These results indicate enhanced risk stratification at both ends of the distribution, as the Mult-t score more effectively shifts high-risk individuals toward the upper tail and low-risk individuals toward the lower tail, while reducing their presence in the middle quintile.
Sensitivity analyses
We conducted an important sensitivity analysis for the assessment of the Roselli, ALLmeta, and Mult-t scores. In particular, we re-computed the performance metrics after excluding All of Us participants from Massachusetts (MA) - to avoid overlap with the AFGen cohort given the inclusion of Mass General Brigham cohorts in the base GWAS - and after excluding individuals with Veteran Affairs (VA) health coverage - to avoid overlap with the Million Veteran Program. In total, 3,048 AF cases and 24,670 controls were excluded. The resulting performance metrics (Fig. S14; Table S10) barely differed from the original results, indicating that the results were not driven by overlapping samples between the training and testing datasets.

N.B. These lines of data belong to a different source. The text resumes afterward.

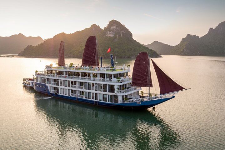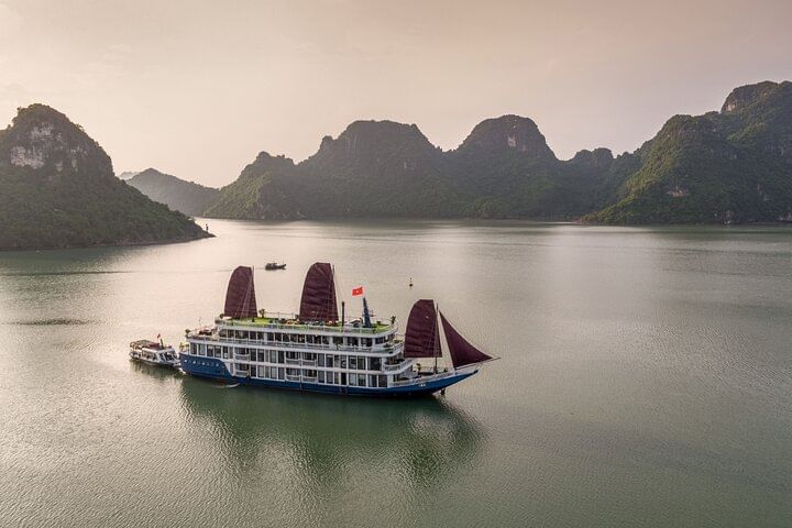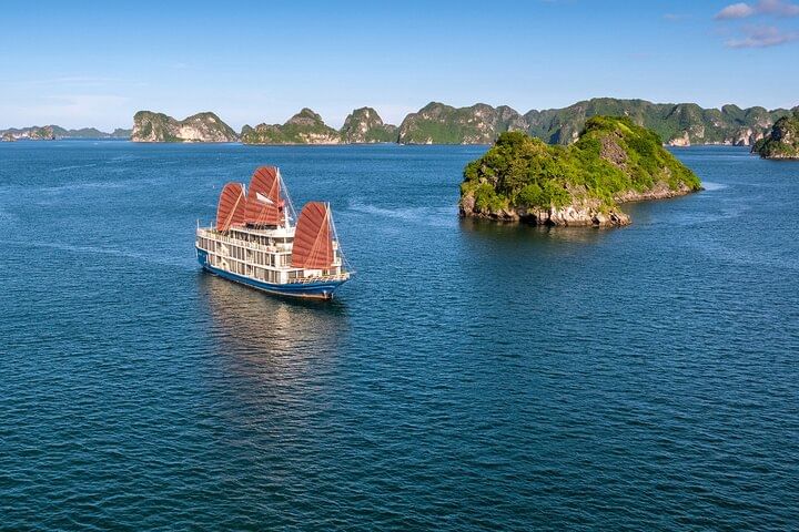Experience the ultimate in luxury travel with an elegant cruise through Halong Bay and Lan Ha Bay. Enjoy spacious cabins and exclusive suites featuring private balconies and sophisticated Indochine-inspired interiors. Delight in gourmet dining with multiple fresh-cooked meals served amid stunning panoramic views. Explore the serene and less-crowded Lan Ha Bay, visiting iconic sites such as Ba Trai Dao and the Dark & Light Caves. Engage in exciting activities like kayaking and squid fishing to make your journey even more memorable. The all-inclusive package typically includes comfortable round-trip transfers from Hanoi’s Old Quarter, ensuring a seamless and unforgettable luxury cruising experience.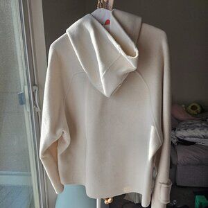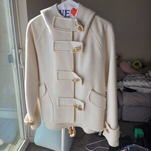 This luxurious off-white wool coat is designed for both style and comfort. Crafted from high-quality wool, it features a toggle front closure and a chic hood for a contemporary yet classic look. The coat's soft fabric and minimalist design make it versatile, perfect for both casual and formal outfits. With practical pockets and subtle toggle details, this coat combines functionality with a polished finish. Ideal for winter or cooler months, it’s a timeless addition to any wardrobe.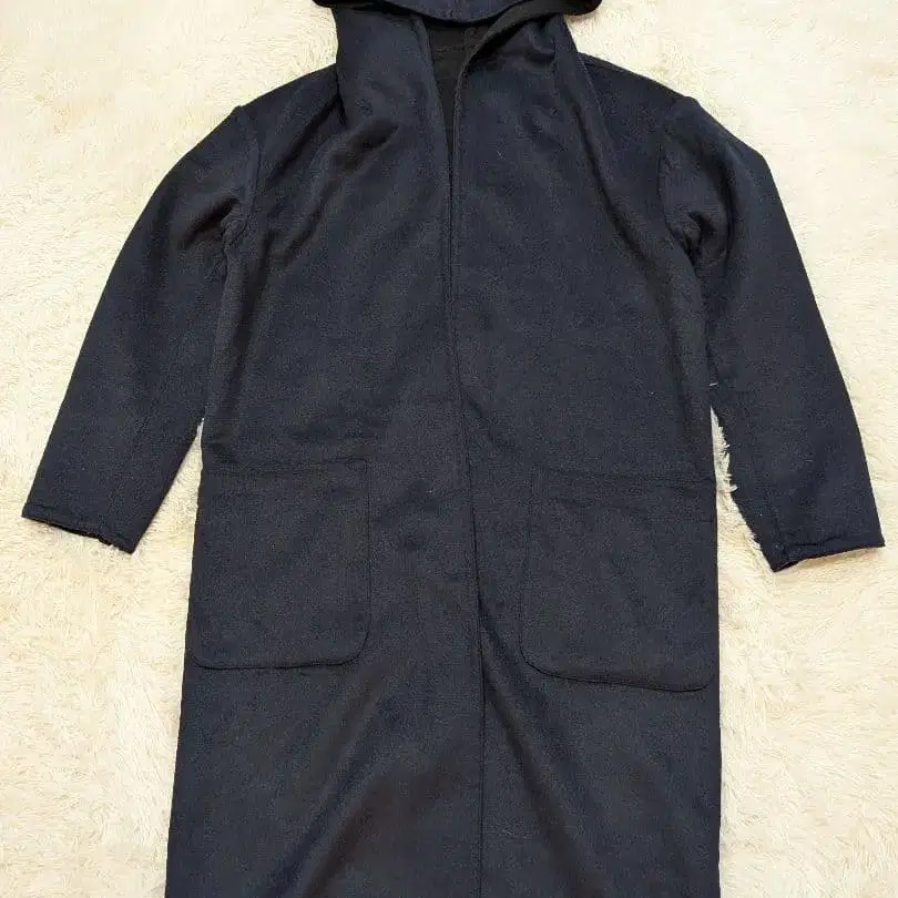 후드 부착 네이비 롱 코트, 폴리에스테르와 레이온, 울 소재이며 M 사이즈입니다.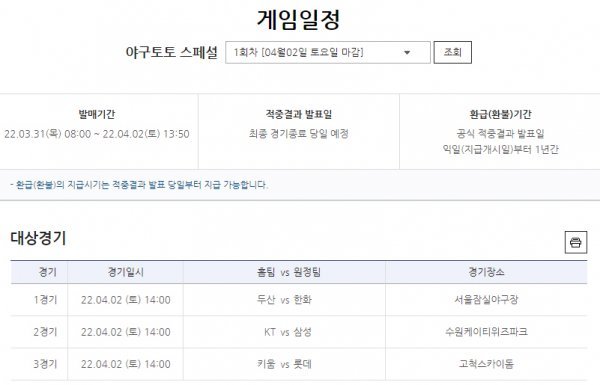 31일(목) 오전 8시부터 발매를 시작한 1회차의 경우 경기시작 10분 전인 4월 2일(토) 오후 1시50분까지 게임에 참여할 수 있다. 공식 결과는 경기가 모두 종료된 뒤 발표된다.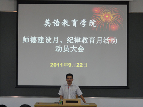下午两点半,会议正式开始,作为师德建设月和纪律教育月活动动员大会的主持人,党委书记林绍雄首先向在场教职工传达了以“以身立教,为人师表”为主题,以“爱岗敬业,教书育人”为核心的师德建设月精神,呼吁全体教职工认真贯彻国家有关文件提出的教育理念和精神。接下来,林书记向教职工们传达了以“以人为本,执教为民”为主题的纪律教育学习月的精神。他指出,教师是一个光荣而神圣的职业,抓好教职员工职业道德教育和廉洁教育尤为重要;号召教职工们在恪守“学术诚信,廉洁从教”信念的同时,要努力抓好员工的廉洁修身教育,更充分地扮演好自己为人师表的角色。会上还组织了教职工们观看党风廉政建设先进人物事迹的宣传片,帮助在场教职员工进一步感受并学习廉洁奉公、一切为民的精神。

Additionally, to assess variation in Mult-t score performance by subgroups, we performed a subset analysis of the Mult-t-EUR score stratified by sex and by age groups (45–54, 55–64, and 65–75 years) (Fig. S15; Table S11). Males exhibited a higher OR per SD compared to females (1.93 vs. 1.82), and the OR per SD increased progressively with age range (1.66, 1.76, and 1.95, respectively), indicating stronger genetic risk in males and with advancing age.
Discussion
In this study, we aimed to construct improved polygenic scores for AF by combining several large multi-ancestry GWAS datasets with multiple novel methodological approaches. First, we used the SBaysesRC algorithm to create dense genome-wide PGSs from GWAS data from the AFGen Consortium and MVP. We found that the SBayesRC score, trained on a pan-ancestry meta-analysis, led to improved prediction as compared to the previous gold standard PGSs, with benefits seen across various ancestry groups. We subsequently evaluated two complementary strategies for multi-PGS construction: A multi-ancestry approach and a multi-trait approach. The multi-trait approach in particular provided improved prediction across diverse populations, especially among Asian ancestry, although prediction was still diminished when compared to European ancestry individuals. These findings allow for several conclusions.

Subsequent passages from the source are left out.